Alarmed by the amount of government involvement in Japan Airlines Corp.'s (9205.TO) restructuring, the president of All Nippon Airways Co. (9202.TO) warned Wednesday that the state-supported revamp scheme could undermine competition in the airline industry.

ANA President and Chief Executive Shinichiro Ito said his greatest concern is that fierce price competition could break out once JAL receives a government-backed lifeline of $10 billion to support its ailing operations.

"For example, the (air ticket) market could be disrupted if discount tickets are offered as a result of JAL receiving public funds. That would be a problem," Ito told reporters after meeting with Ryuhei Maeda, the head of the transport ministry's civil aviation bureau.

Ito said he asked the government to adopt some rules introduced in Europe to maintain appropriate market conditions such as banning the provision of additional public funds to a company for 10 years once it has received aid. A company with government aid shouldn't be "a price leader," he added.
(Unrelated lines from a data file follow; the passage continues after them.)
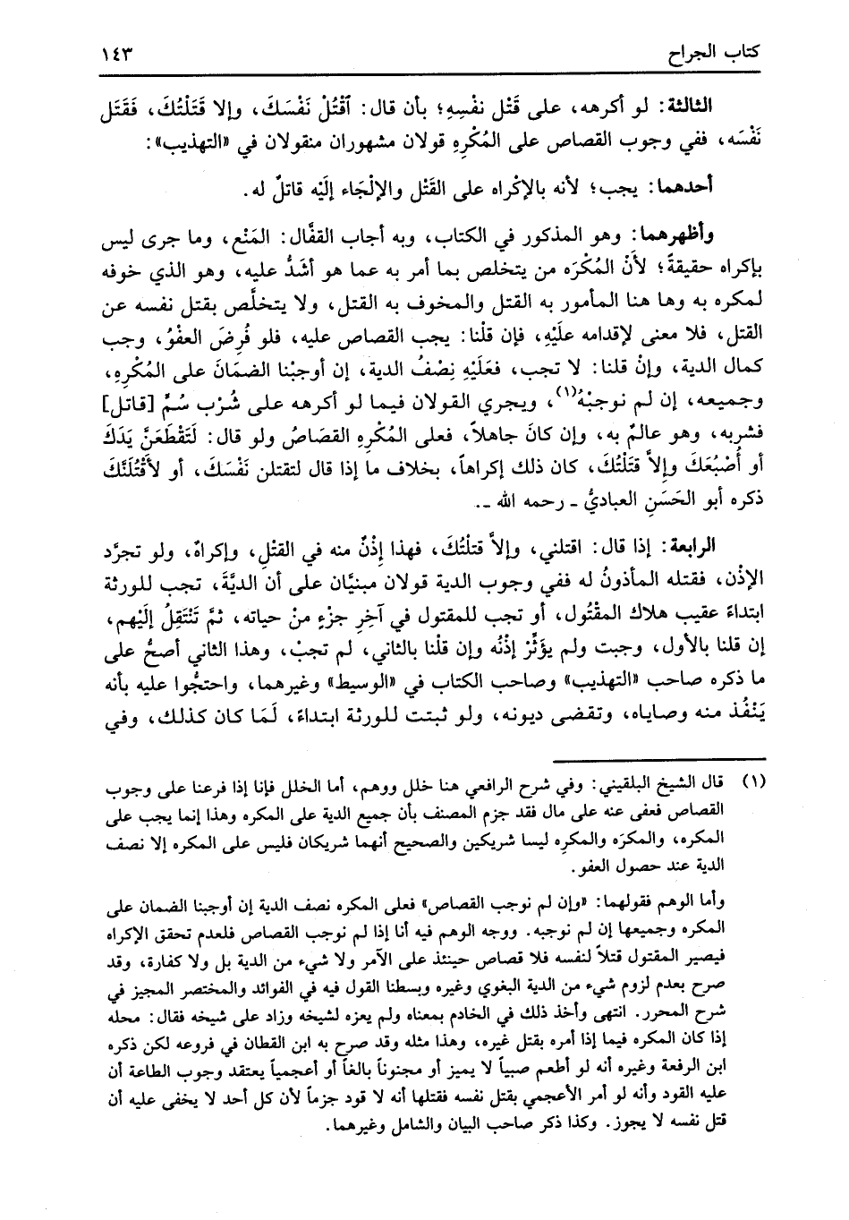 (¬1) قال الشيخ البلقيني: وفي شرح الرافعي هنا خلل ووهم، أما الخلل فإنا إذا فرعنا على وجوب القصاص فعفى عنه على مال فقد جزم المصنف بأن جميع الدية على المكره وهذا إنما يجب على المكره، والمكرَه والمكرِه ليسا شريكين والصحيح أنهما شريكان فليس على المكره إلا نصف الدية عند حصول العفو.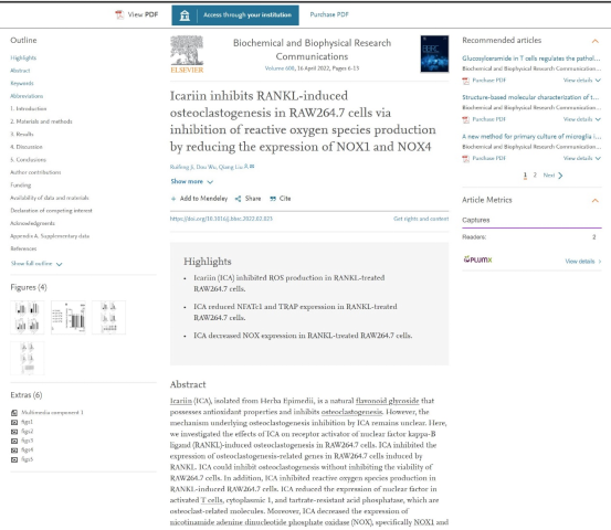 研究成果发表在国际期刊《Biochemical and Biophysical Research Communications》上,文章题目为Icariin inhibits RANKL-induced osteoclastogenesis in RAW264.7 cells via inhibition of reactive oxygen species production by reducing the expression of NOX1 and NOX4”。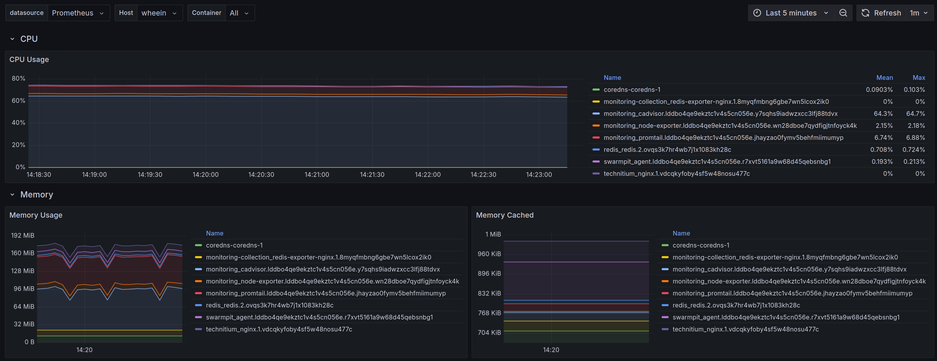 Collecting logs is great, but when it's the only point of visibility, the only information that can be gleaned at-a-glance is whether the node is up or not. After some more research, I settled on cAdvisor and node_exporter to expose metrics, and Prometheus to collect them. Conveniently, there are also Grafana dashboards for them as well.

During the meeting, Maeda said that he believes the government aid is merely designed to help the struggling airline and won't result in an unfair competitive environment.

Ito shrugged off the question of whether two big carriers are needed in the international flight business in Japan raised by the transport minister Tuesday.

The top executive said JAL and ANA are seeking to enhance their competitiveness through their alliance partners, as the U.S. and Japan last month reached an "open skies" pact which will ease restrictions on cross-border flights and possibly open the door to far-reaching alliances among the countries' major airlines.

"Competition is intensifying amid the open-skies deals. It doesn't make sense (to discuss) whether (there should be) one company," Ito said.

Seiji Maehara, Japan's transport minister said Tuesday that the government will need to review whether two big carriers are needed in Japan to survive tough competition in the international flight business.

JAL filed for court-led restructuring Tuesday, under which the quasi-government Enterprise Turnaround Initiative Corp. of Japan will inject billions of yen into the carrier. The airline became Japan's largest non financial firm to file for court protection with liabilities totaling Y2.32 trillion.

After the filing, a number of Japanese companies said that they will book losses from their investment in the air carrier.

Sojitz Corp. (2768.TO) said Wednesday that it will book a valuation loss on its Y15 billion in JAL preferred shares as a special loss.

Shinkin Central Bank (8421.TO), a major credit union, said it may not be able to recover or may see a delay in collecting the Y25.5 billion that JAL owed the bank after the carrier filed for bankruptcy protection.

Still, rating agencies said that JAL's filing should have little impact on Japanese corporations and financial institutions.

Moody's Investors Service said that JAL will ask for debt waivers of about Y350 billion from its creditor banks. The additional losses may come to about Y100 billion for all lenders, which is "much less than their annual operating earnings," Moody's said.

Standard & Poor's Ratings Services said losses at creditor banks are likely to be at about a maximum of 10% of annual net operating profits, which would not have a substantial impact on their financial standings.

Among six trading houses holding preferred shares in JAL, Sojitz is likely to feel the largest impact on its profits and is expected to lower its Y27 billion net profit projection for this fiscal year through March.

In addition to preferred stock, some trading companies have other exposure, such as derivative contracts and aircraft leasing receivables, which could be affected. But S&P said these losses may have a limited impact on financial standings of these companies, given that their profitability is on a recovery track supported by favorable trends in the commodities markets.

The six trading houses with JAL preferred shares include Mitsui & Co. (8031.TO), Itochu Corp. (8001.TO), Sumitomo Corp. (8053.TO), Marubeni Corp. (8002.TO) and Mitsubishi Corp. (8058.TO).